[Work item] A complete answer includes every line below with the word "Flevoland".

[Data entries]
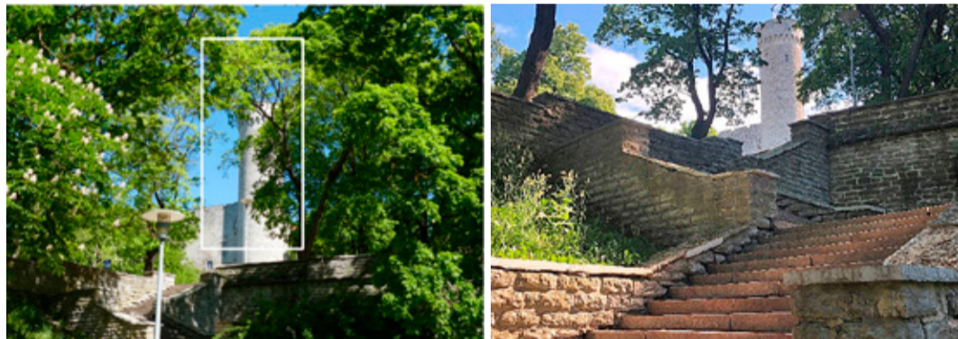
Avatud vaade Hirvepargi trepilt Pikale Hermannile.
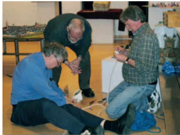
Viele Hände waren bei den vorbereitenden Arbeiten zum Aufbau der Ausstellung beteiligt.

So ist der erste Abschnitt der Ständigen Ausstellung geprägt durch viel Improvisation und Anleihen bei anderen Instituten und Museen. Aus inhaltlichen, aber auch aus Platzgründen sollte er eine schlaglichtartige Darstellung zentraler Stationen Dürener Stadtgeschichte bis zum Ende der Franzosenzeit bieten. Schautafeln, Pläne, Urkunden, Gedenk- und
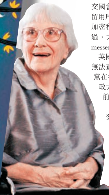
《設立守望者》(左圖)是哈珀·李於1950年代初寫成。網上圖片
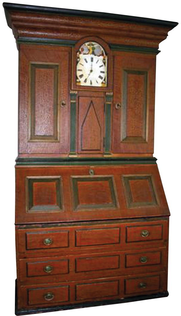
Skatoll Nr 74, med klokke.
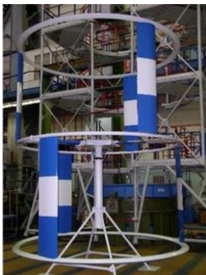
Установка мощностью 3кВт (6-ти лопастной вариант)

24.03.2010 В ОАО «ГРЦ Макеева» побывала съемочная группа федерального телеканала – ГТРК «Россия».
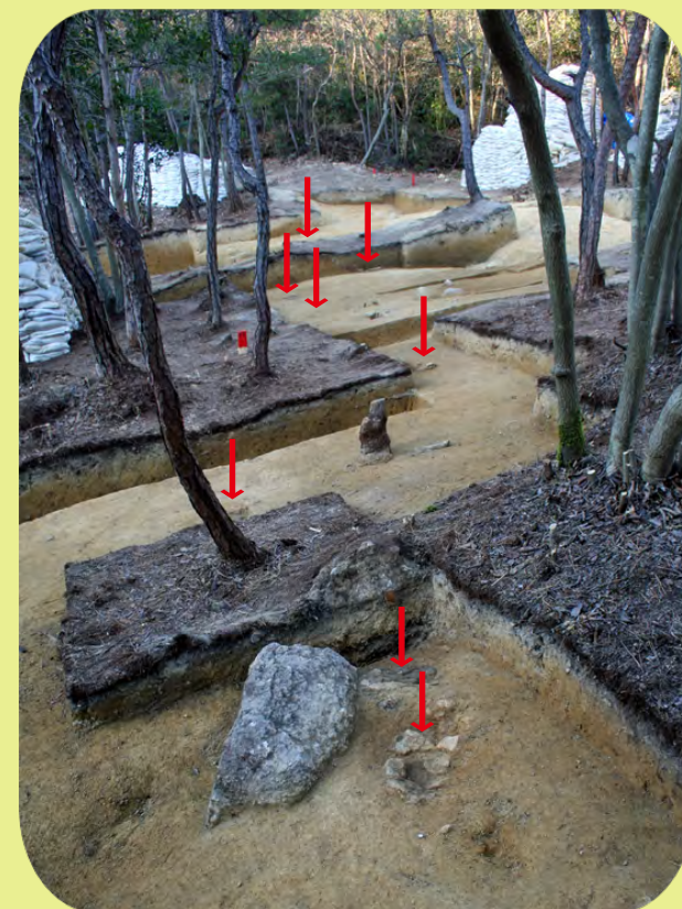
▲ 列状にならぶ鍛冶炉
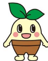
みやま市マスコットキャラクター くすっぴー
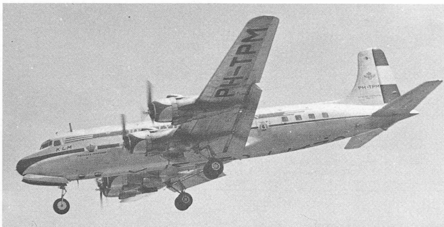
Fig. 7. — Comme le DC-1, le DC-4 s'est révélé capable de développements conduisant à la naissance de toute une série de types. Ici, le DC-6A, à cabine pressurisée.

rie de types plus grands, plus rapides et plus puissants en a été développée, soit les DC-6 et les DC-7, chacun comportant différentes versions, toutes équipées de cabines pressurisées, contrairement au DC-4.
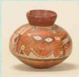
壺(笏杖を持つ擬人化された神)※部分的贋作 ナスカ文化/ナスカ中期(後300年頃~400年頃) 現代(推定/20世紀)
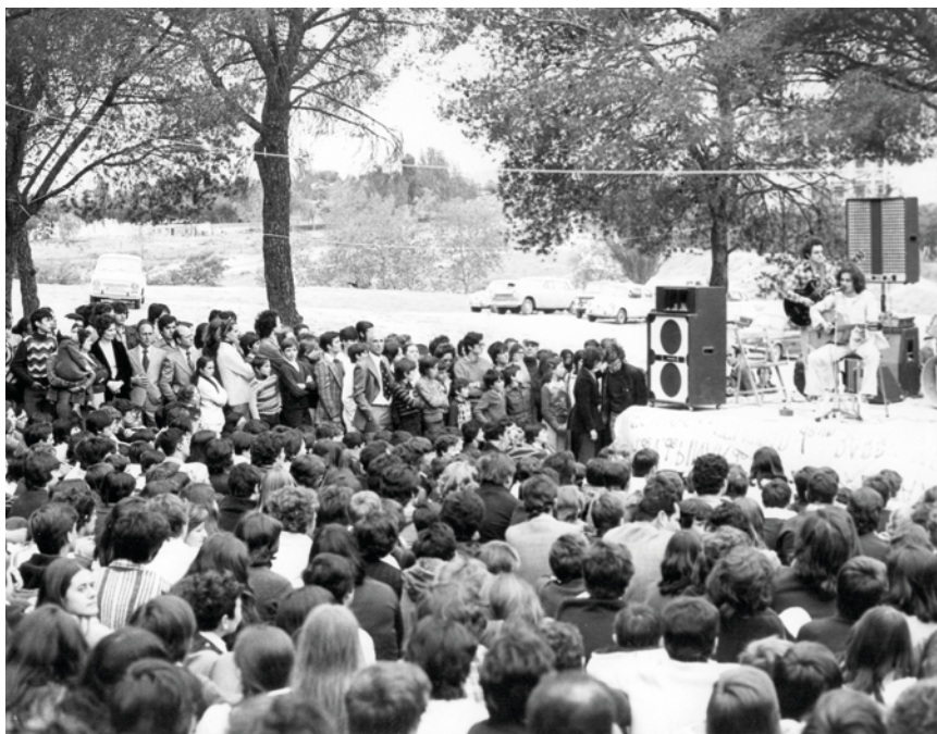
Concierto en las fiestas de primavera de 1978 organizadas por la asociación La Unión de Hortaleza en el barrio de la UVA de Hortaleza.
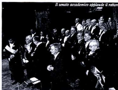
Il senato accademico applaude il rettore
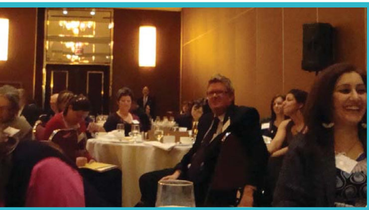
Session de formation à Québec, atelier sur la cohabitation intergénérationnelle.

La loi sur le lobbyisme, les programmes de partenariat de la FCCQ, la cohabitation intergénérationnelle et les nouveaux médias ont notamment été abordés. Une conférence du professeur Pierre Fortin sur l'état de l'économie québécoise a aussi été prononcée.
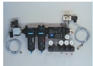
Überdimensionierte Filter und Bohrungen im Aluverteiler (Ausgleich-Druckschwankungen).
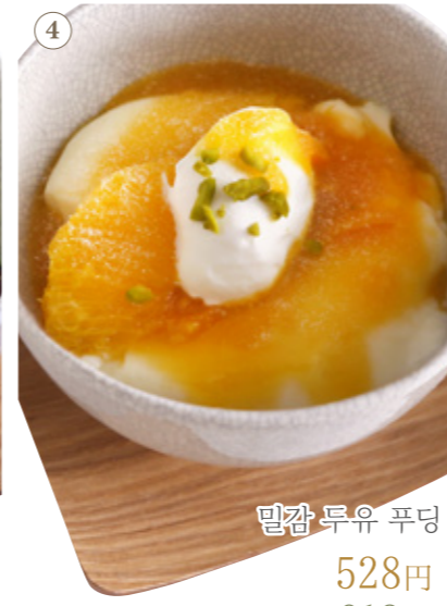
밀감 두유 푸딩 528원 음료 세트 913원
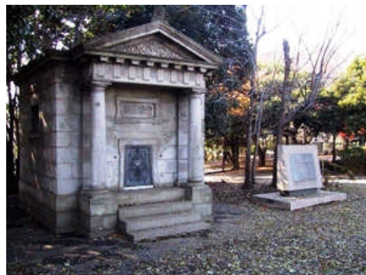
日本水準原点(東京都千代田区永田町 1-1)
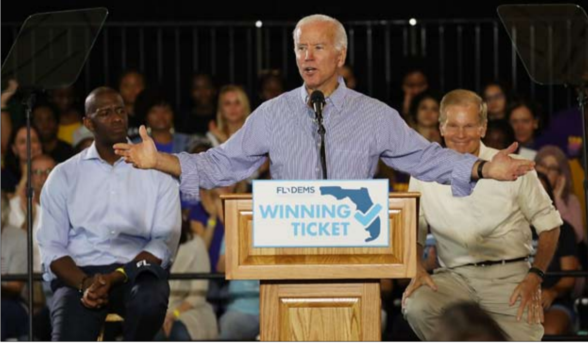
سياسي على الطريقة القديمة
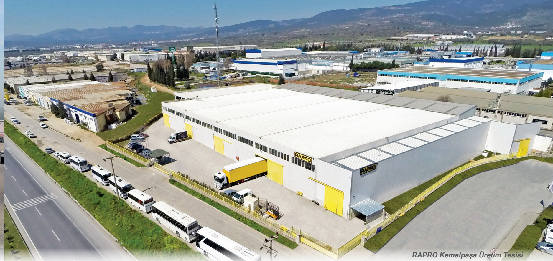
RAPRO Kemalpaşa Üretim Tesisi
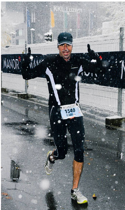
Abb. 1: Lucerne Marathon 2012 bei Schneefall.

Eine gesunde Balance zwischen Beruf und Privatleben ist wichtig, ist aber nicht immer einfach zu bewerkstelligen. Der Sport ist ein wichtiger Ausgleich zum Arbeitsalltag und erlaubt mir, den Kopf zu lüften und abzuschalten. Während meinem Ausdauersport habe ich auch Zeit, meine Gedanken zu ordnen und nicht selten entstehen beim Sich-Bewegen in der Natur Lösungen für berufliche Probleme. Interessant ist auch zu beobachten, wie insbesondere im letzten Jahrzehnt Geo(informatik)-Themen auch im Sport- und Freizeitbereich
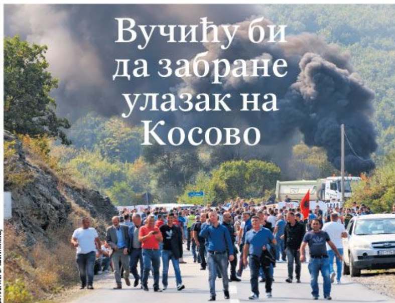
Демонстрације Албанаца приликом посете Александра Вучића Косову и Метохији септембра 2018.

ЦЕНА ПОСРЕДСТВОМ РЕПУБЛИКЕ СРПСКЕ 1 КМ; ОПШТИНА БЕОГРАД; ИМПОРТОРА 30,00 ДИН; СЛОВЕНИЈА 1,00 ДИН; ОСД, Београд, 2019.
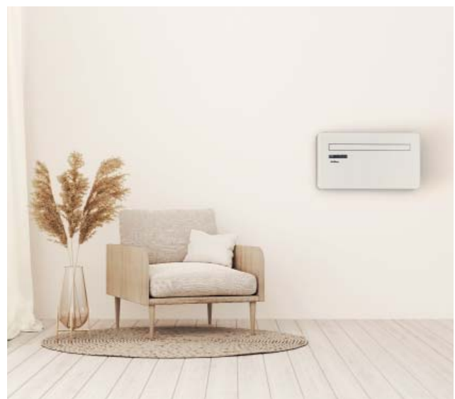
Einsatz als Wandgerät
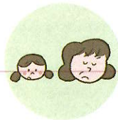
こどもを無視したり、拒否的な態度を示すこと
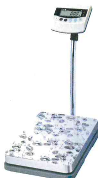
BW (Max=60, 150 кг)
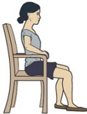
그림 9. 등을 똑바로 세운 자세로 앉습니다.
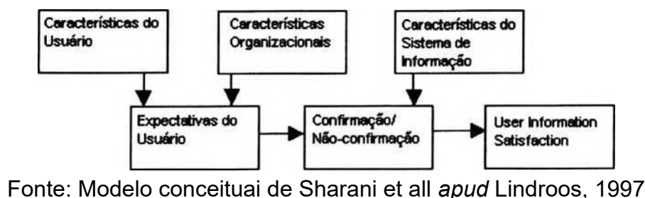
Fig. 2: Satisfação Informacional do Usuário

Outra forma de abordagem é a denominada “satisfação informacional do usuário” ( user information satisfaction ). Um dos modelos utilizados, baseado em pesquisas sobre satisfação dos consumidores, é o modelo desenvolvido por Kim apud Lindroos (1997). O modelo é baseado na teoria geral de sistemas e considera as expectativas do usuário como fator chave para a determinação da satisfação. As principais críticas a esse modelo repousam na atenção dada ao produto, em detrimento das características pessoais do usuário e do contexto organizacional em que o sistema se insere. Em Sharani et al apud Lindroos, 1997, encontra-se um modelo onde as características do usuário, juntamente com as da organização, formam as expectativas do usuário, que em oposição aos resultados fornecidos pelo sistema, confirmam ou não estas expectativas, gerando satisfação ou insatisfação. Ambos são apresentados a seguir, nas figuras 2 e 3.
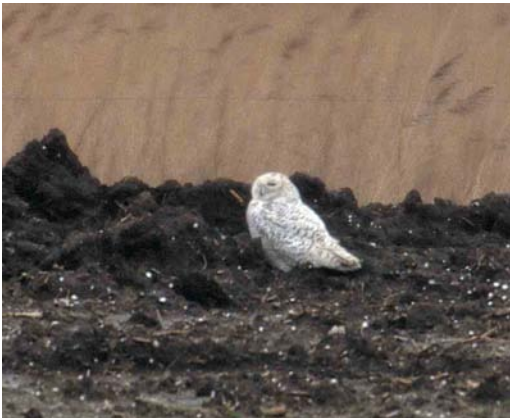
63 Sneeuwuil / Snowy Owl Nyctea scandiaca , Oostvaardersplassen, Flevoland, 11 maart 2000

SNOWY OWLS A Snowy Owl Nyctea scandiaca near Amerongen, Utrecht, the Netherlands, on 17-19 February 2000 turned out to be an escape from a nearby collection; after capture, it was returned to the owner. From 8 to at least 19 March 2000, a presumably wild bird was seen at Oostvaardersplassen, Flevoland. This record coincides with the large invasion in northern Europe in the winter of 1999/2000.
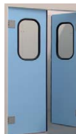
Porte va et vient

Option : pour portes en tôle laquée, vantail de couleur selon nuancier.
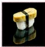
Спленый омлет 130 рублей Суши со спленым омлетом 20/15 г 68 ккал
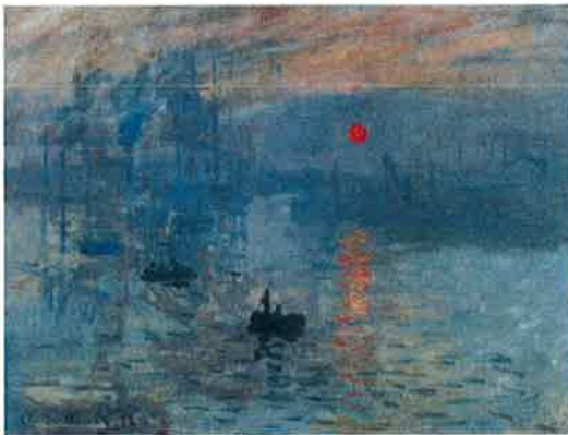
Claude Monet: «Soloppgang» (1872).

Dernest vel du eit kunstverk frå kvar ramme (til saman to verk) og karakteriser desse. Drøft likskap og ulikskap mellom dei, og i kva grad dei stadfestar påstanden over.
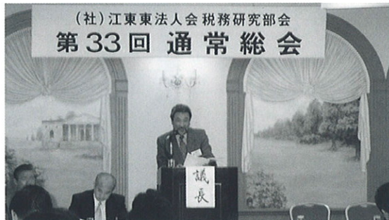
(社)江東東法人会 税務研究部会 第33回 通常総会

第2部の総会は、部会長の挨拶の後、平成15年度事業報告、収支報告、平成16年度事業計画(案)、収支予算(案)について審議され、全て承認可決され、終了した。
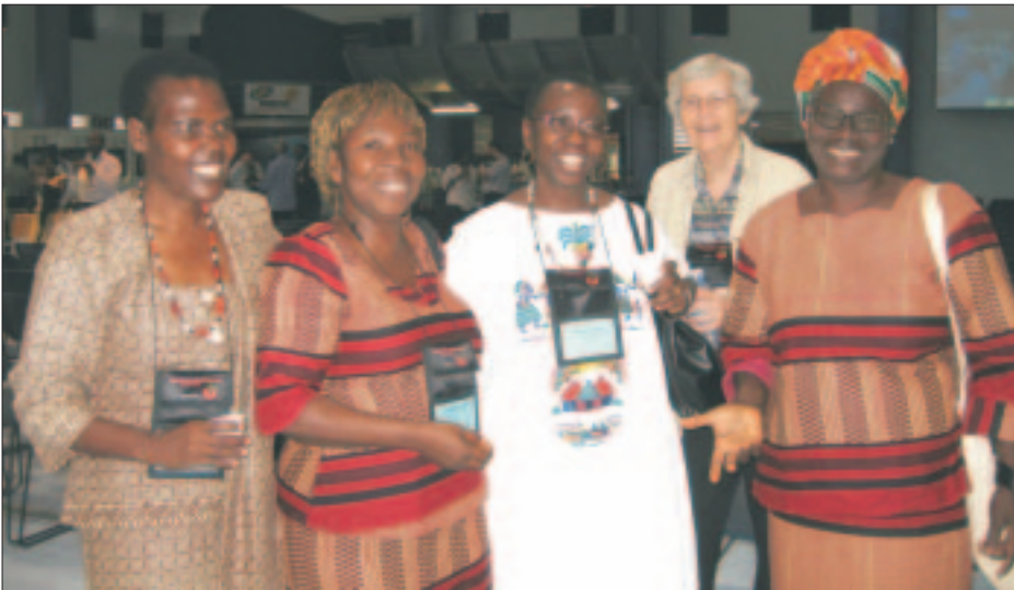
Les membres du Cercle a la 9eme Assemblée du Conseil Oecuménique des Eglises a Porto Alegre, Brésil:

africaine, christianisme, islam et judaïsme. Il comprend des femmes africaines et entretient des liens avec des femmes américaines, asiatiques ou européennes d'origine africaine. Elles sont en dialogue avec les cultures, les religions, les écritures sacrées et les histoires orales qui donnent une identité aux femmes du continent Africain.
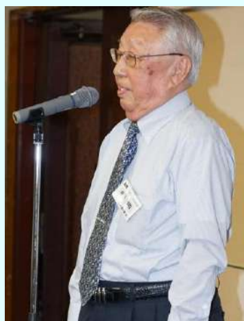
井下顧問のお話。深いです。
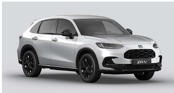
Siva Diamond Dust – biserna (NH-909P)
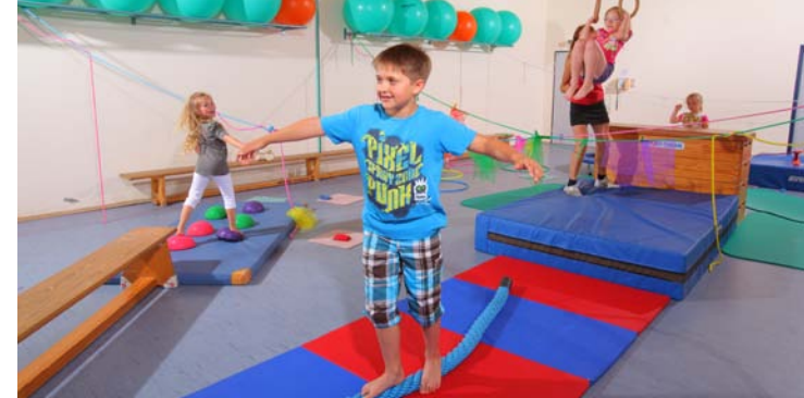
Gruppenaktivitäten im Kindersport
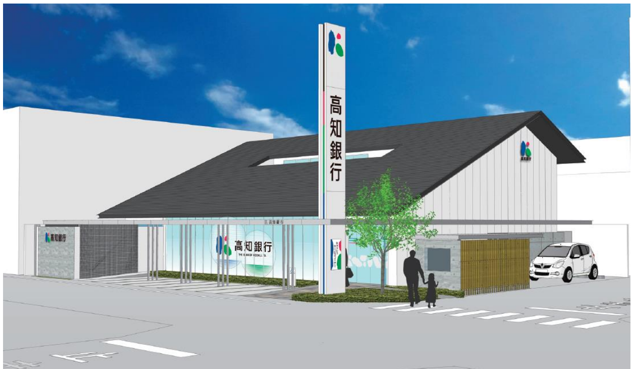
【新店舗のイメージ】
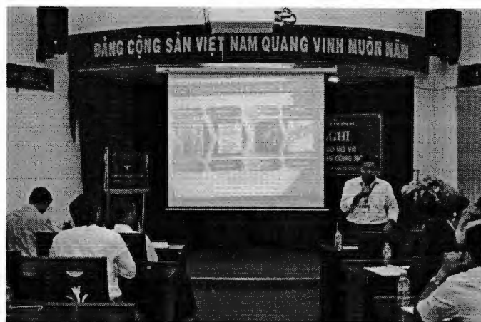
Hội nghị tập huấn “Bảo hộ và khai thác quyền Kiểu dáng công nghiệp” tổ chức ngày 26/5/2017

hành các tài liệu tuyên truyền như Bộ sách về Sở hữu trí tuệ gồm: “Tạo dựng một nhãn hiệu” ; “Tạo dáng sản phẩm” ; “Sáng tạo tương lai” nhằm giới thiệu chi tiết kiến thức về các đối tượng sở hữu công nghiệp dành cho các doanh nghiệp vừa và nhỏ.
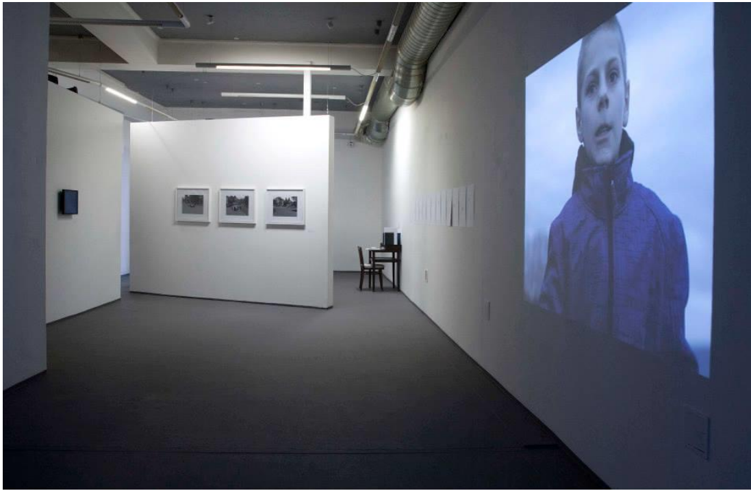
Prostory narace 11.6.-4.7.2014
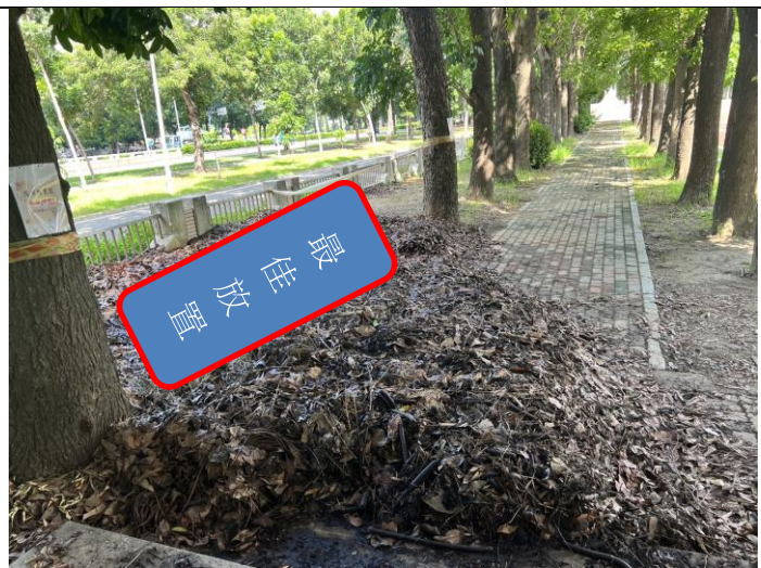
請將落葉集中至最佳放置點

[Answer]
63 Sneeuwuil / Snowy Owl Nyctea scandiaca , Oostvaardersplassen, Flevoland, 11 maart 2000
SNOWY OWLS A Snowy Owl Nyctea scandiaca near Amerongen, Utrecht, the Netherlands, on 17-19 February 2000 turned out to be an escape from a nearby collection; after capture, it was returned to the owner. From 8 to at least 19 March 2000, a presumably wild bird was seen at Oostvaardersplassen, Flevoland. This record coincides with the large invasion in northern Europe in the winter of 1999/2000.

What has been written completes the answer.